For adjacent woodwork and ceilings, Farrow & Ball Au Lait (LRV 80) is your safest bet — a creamy, milky off-white that lets Ottilie breathe without going stark. Paper III from Paint & Paper Library (LRV 75.3) does the same job a touch cooler if you want a little more crispness while staying off the harsh end. Either of these on the trim will keep the whole scheme soft and considered.
For depth and contrast, layer in clay-pinks and warm earth tones. Mylands Cigar BH.20 (LRV 11.8) is a gorgeous deep grounding shade — think tobacco-brown, lovely on a lower wall, a study, or cabinetry where you want Ottilie to feel anchored rather than floaty. And if you fancy a bolder accent, Dulux Fuchsia Falls 2 (LRV 29.8) pulls out the warmer rosy undertone and gives the scheme a bit of life — good for a single piece of joinery or a feature wall rather than the whole room.
The other thing that genuinely matters here: metals. Antique brass and aged bronze warm Ottilie and make it sing. Chrome, nickel and anything silvery does the opposite — it pushes the colour towards grey. So pick brass handles, bronze taps, aged hardware.
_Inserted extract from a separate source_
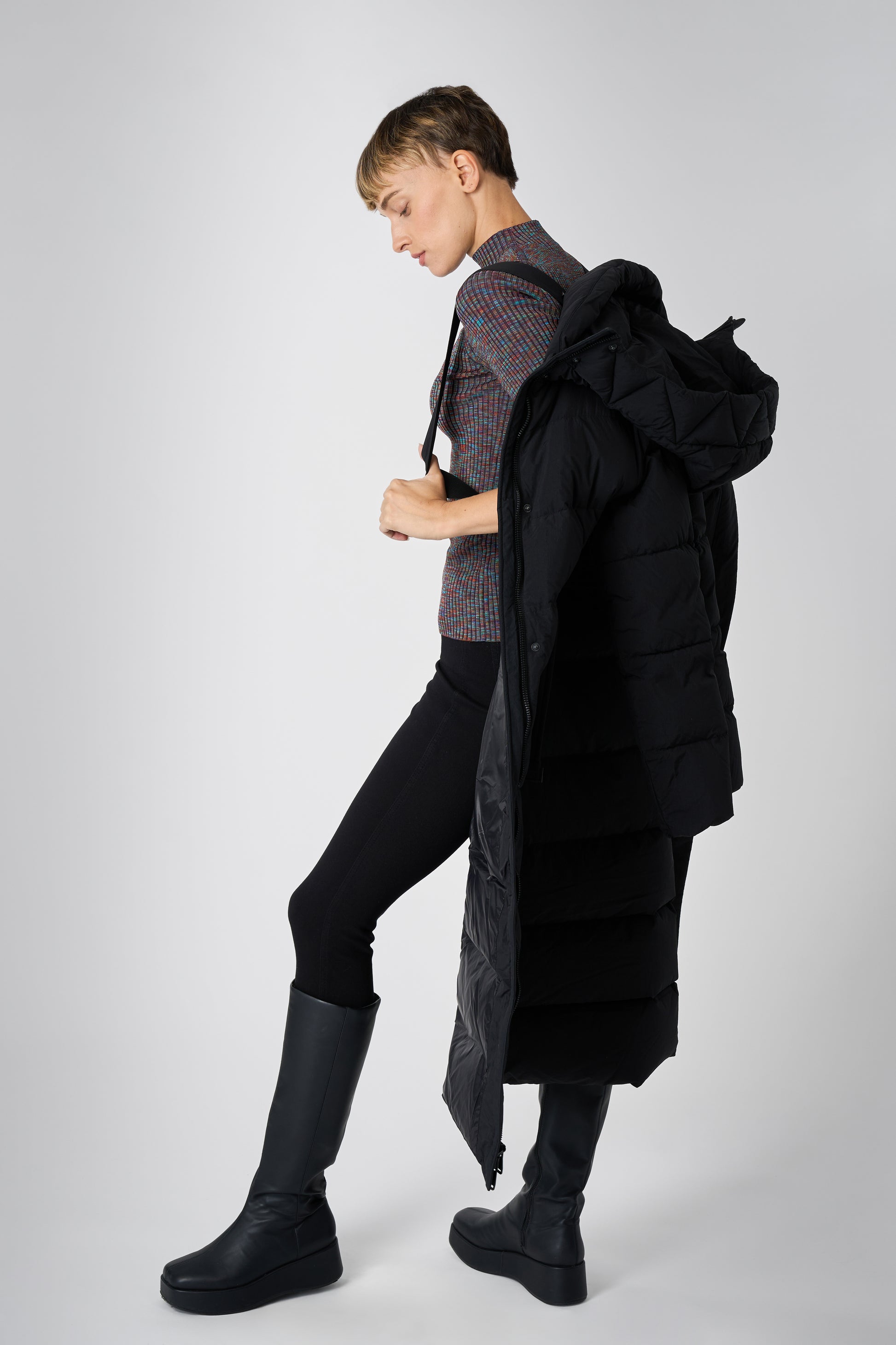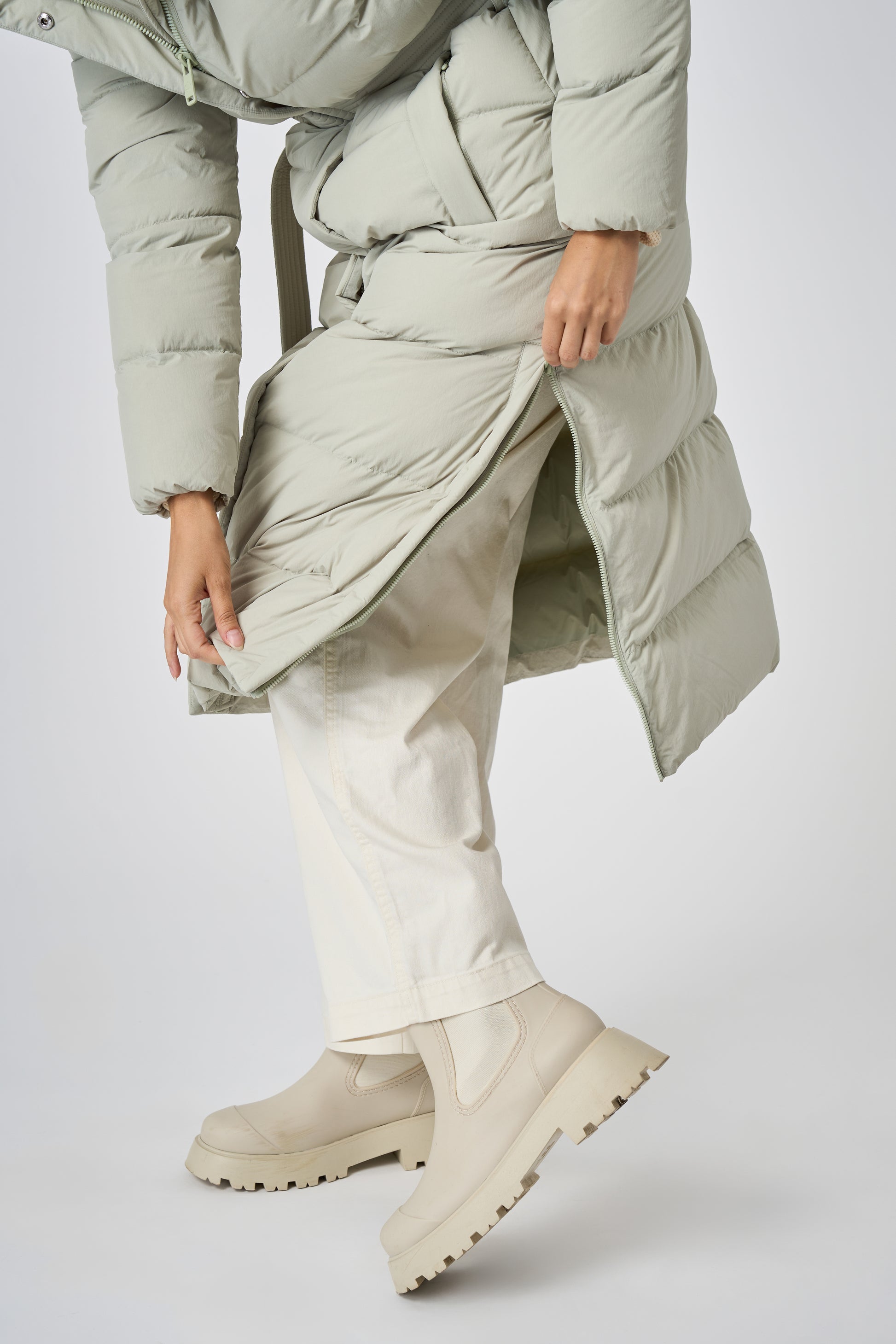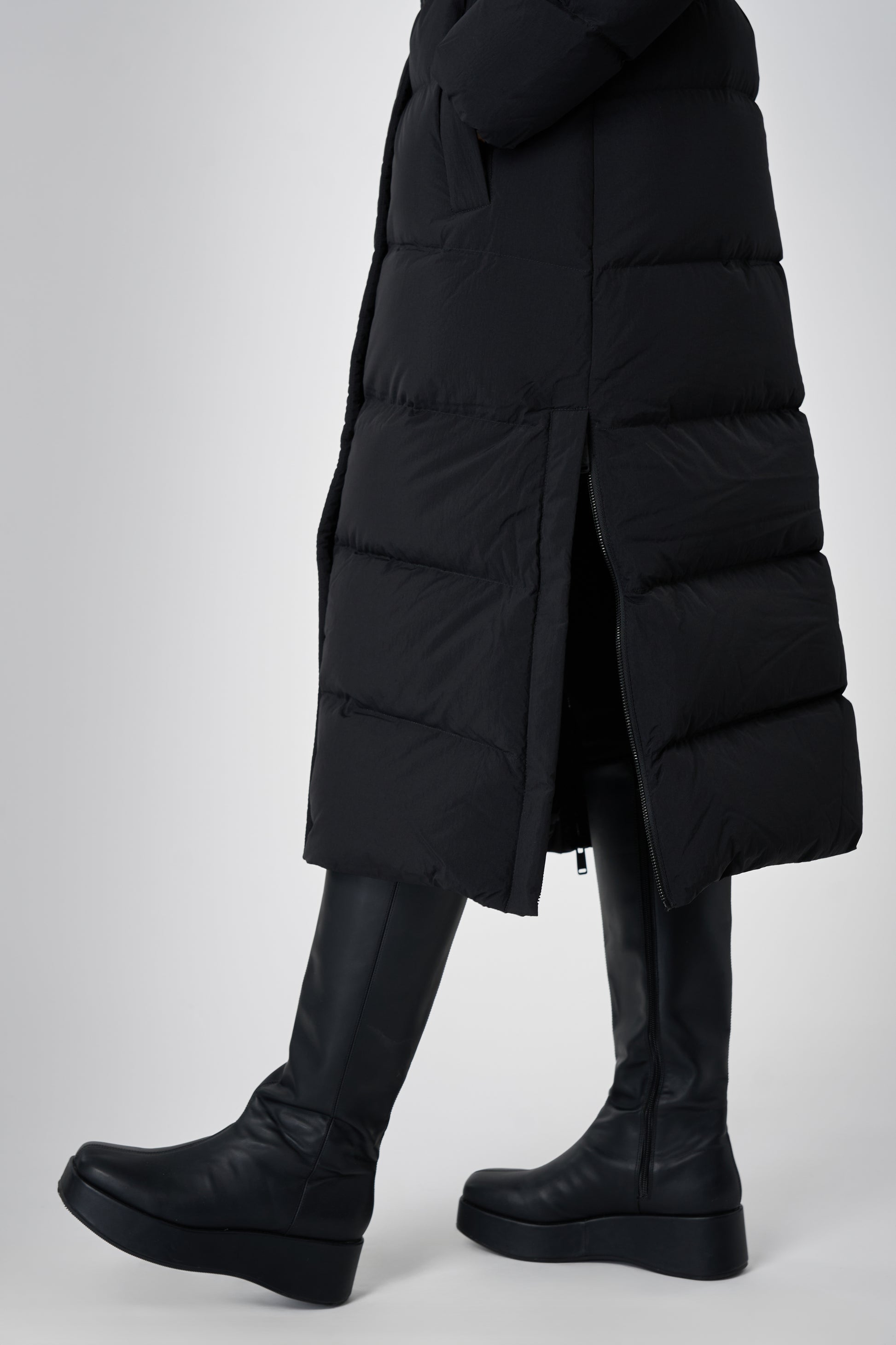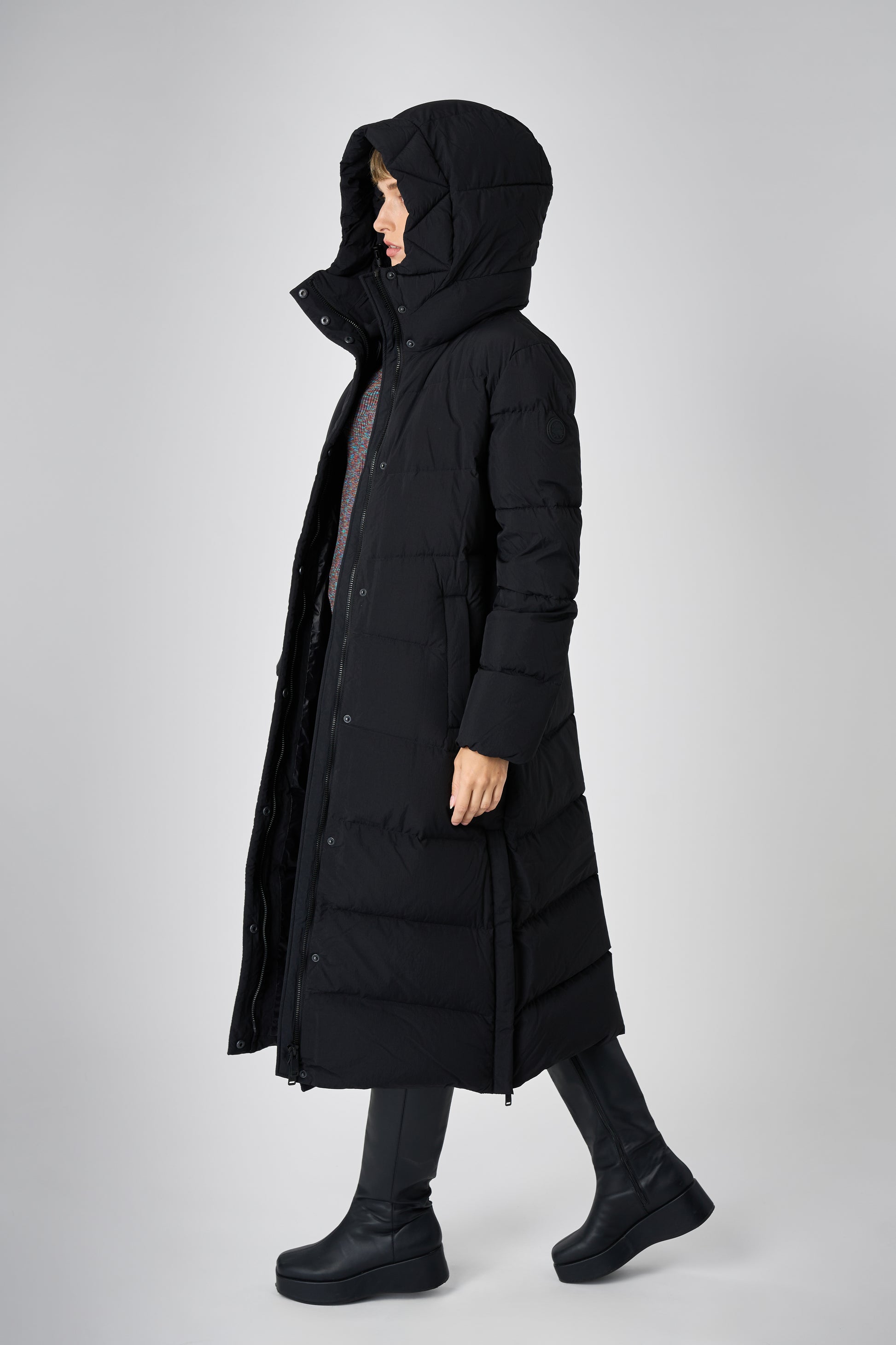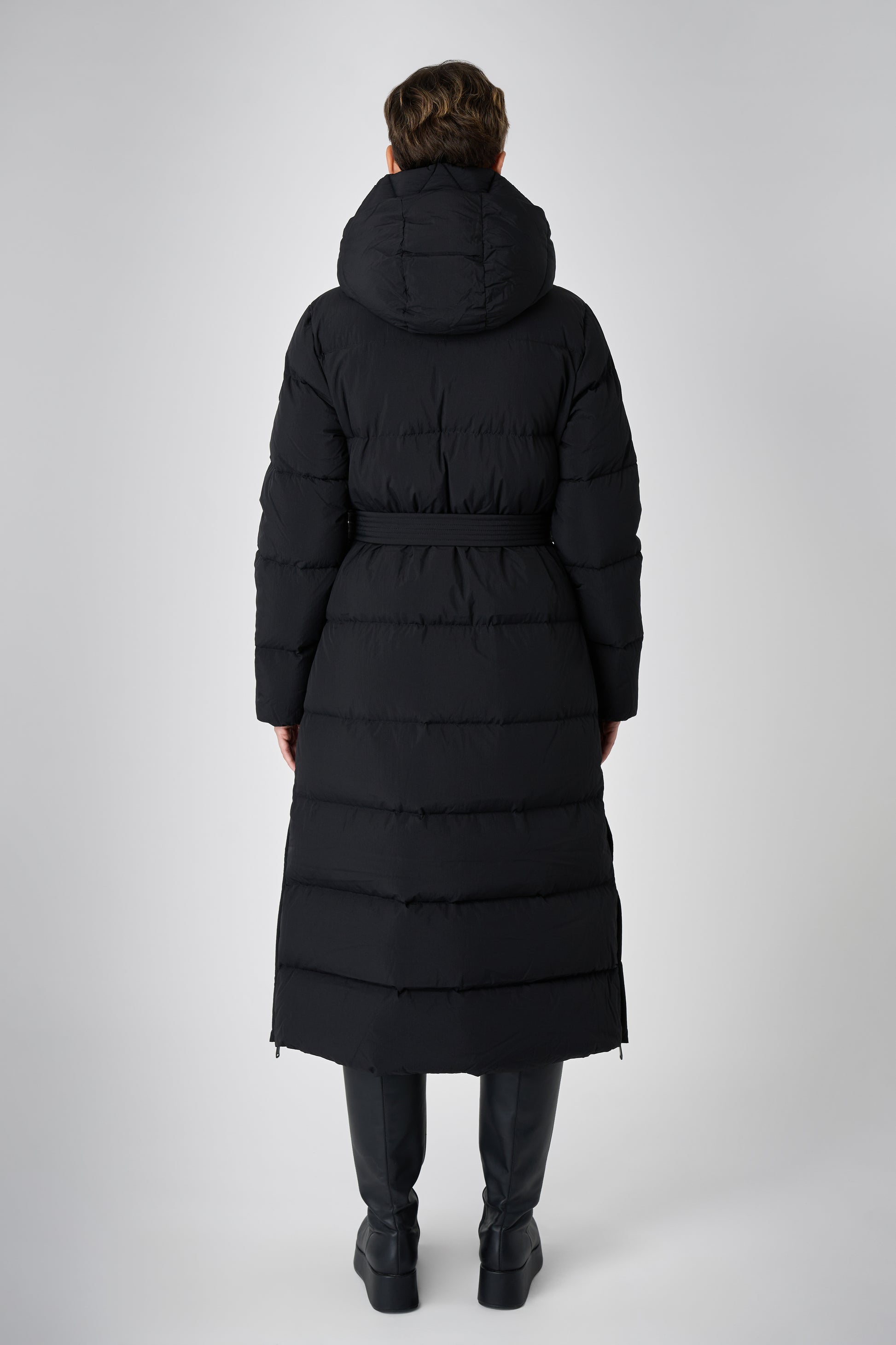 This long women's winter coat is designed for cold weather protection with repurposed down insulation for warmth in freezing temperatures. The belted silhouette and recycled materials make it both stylish and sustainable.

Same goes for old oak — Ottilie loves natural timber tones beside it.
Practically: paint a decent-sized sample board, prop it against your intended white, and check it morning and evening. Ottilie's coolness shows itself more in north light, so if you're in a cooler room lean harder into the warm off-whites and the brass to balance it out. Get those two things right and it's a cracking colour.